Semprini v. Wedbush Securities, Inc. (CA4/3 G057740 11/9/20) Wage and Hour Exemption/Commissions
Labor Code section 515 allows for the establishment of overtime pay exemptions for employees who perform certain duties and who “earn[ ] a monthly salary equivalent to no less than two times the state minimum wage for full-time employment.” A compensation plan based solely on commissions, with a recoverable draw against future commissions, does not qualify as a “salary” for purposes of the administrative exemption to overtime pay.

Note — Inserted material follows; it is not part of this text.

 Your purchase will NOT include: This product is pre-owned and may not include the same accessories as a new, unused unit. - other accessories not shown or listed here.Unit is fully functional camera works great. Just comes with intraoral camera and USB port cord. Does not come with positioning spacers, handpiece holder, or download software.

Midwest Motor Supply Co. v. Super. Ct. (CA1/4 A160096 10/28/20) Wage and Hour/Forum Selection
Labor Code section 925 allows an employee to void a forum selection clause in an employment contract “entered into, modified, or extended on or after January 1, 2017.” Modification of the compensation provision of the employee’s contract in 2017 triggered application of Labor Code section 925, even though the employment contract originally was executed in 2014 and the 2017 modification did not modify the forum selection clause.
Carroll v Commission on Teacher Credentialing (CA3 C083250 10/23/20) Whistleblower Retaliation/Attorney-Client Privilege
Jury verdict on plaintiff’s whistleblower complaint reversed because trial court committed prejudicial error by allowing plaintiff’s counsel to question witnesses on and ask the jury to draw negative inferences from defendants’ exercise of the attorney-client privilege, without giving the jury the mandatory curative instruction required by Evidence Code section 913.

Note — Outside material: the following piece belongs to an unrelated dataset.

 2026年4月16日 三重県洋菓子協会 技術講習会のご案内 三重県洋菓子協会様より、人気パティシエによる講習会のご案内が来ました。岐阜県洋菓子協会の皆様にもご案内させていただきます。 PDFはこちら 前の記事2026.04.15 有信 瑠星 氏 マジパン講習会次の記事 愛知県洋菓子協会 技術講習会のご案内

Kramer v. Traditional Escrow (CA4/3 G058522 10/20/20) Wage and Hour/Default Judgment/Equitable Relief
After the defendant employer answered the initial complaint, it changed its mailing address, email address, and telephone number without notifying plaintiff or the court. As a result of not receiving the amended complaint, the employer failed to file a response, and default judgment was entered. The trial court set aside the default judgment on the employer’s motion. The appellate court reversed, finding the employer’s failure to respond to the amended complaint was due to its own negligence.
Doe v. Google, Inc. (CA1/4 A157097 9/21/20) PAGA/NLRA/Garmon Exception
Plaintiffs’ claims under the California Labor Code Private Attorneys General Act, alleging their employer’s confidentiality policies restricted their speech in violation of California law, were not preempted by the federal National Labor Relations Act. The “local interest exception” to preemption applied because the state law claims concerned individual, not collective, activity, and thus could be proven without considering whether the policies also amounted to unfair labor practices under federal law.
SEIU Local 121RN v. Los Robles Geg’l Med. Ctr. (9th Cir. 19-55185 9/18/20) Arbitration/Collective Bargaining Agreement
When a collective bargaining agreement is silent on the issue, a court—not an arbitrator—is to determine whether the parties’ dispute is subject to arbitration under the contract’s arbitration clause. Prior to this decision, the Ninth Circuit had held that in the labor arbitration context arbitrability is to be decided by the arbitrator when the contract is silent. The court majority noted that this differential treatment of labor arbitration has been undercut by subsequent U.S. Supreme Court precedent holding that arbitrability should be treated the same in the labor and commercial contexts.
Belgau v. Inslee (9th Cir. 19-35137 9/16/20) Deduction of Union Dues/First Amendment
A voluntary membership agreement that requires payment of union dues for an irrevocable one-year period does not violate the First Amendment because it does not compel financial support of a union in violation of Janus v. AFSCME Council 31 (2018) 138 S.Ct. 2448.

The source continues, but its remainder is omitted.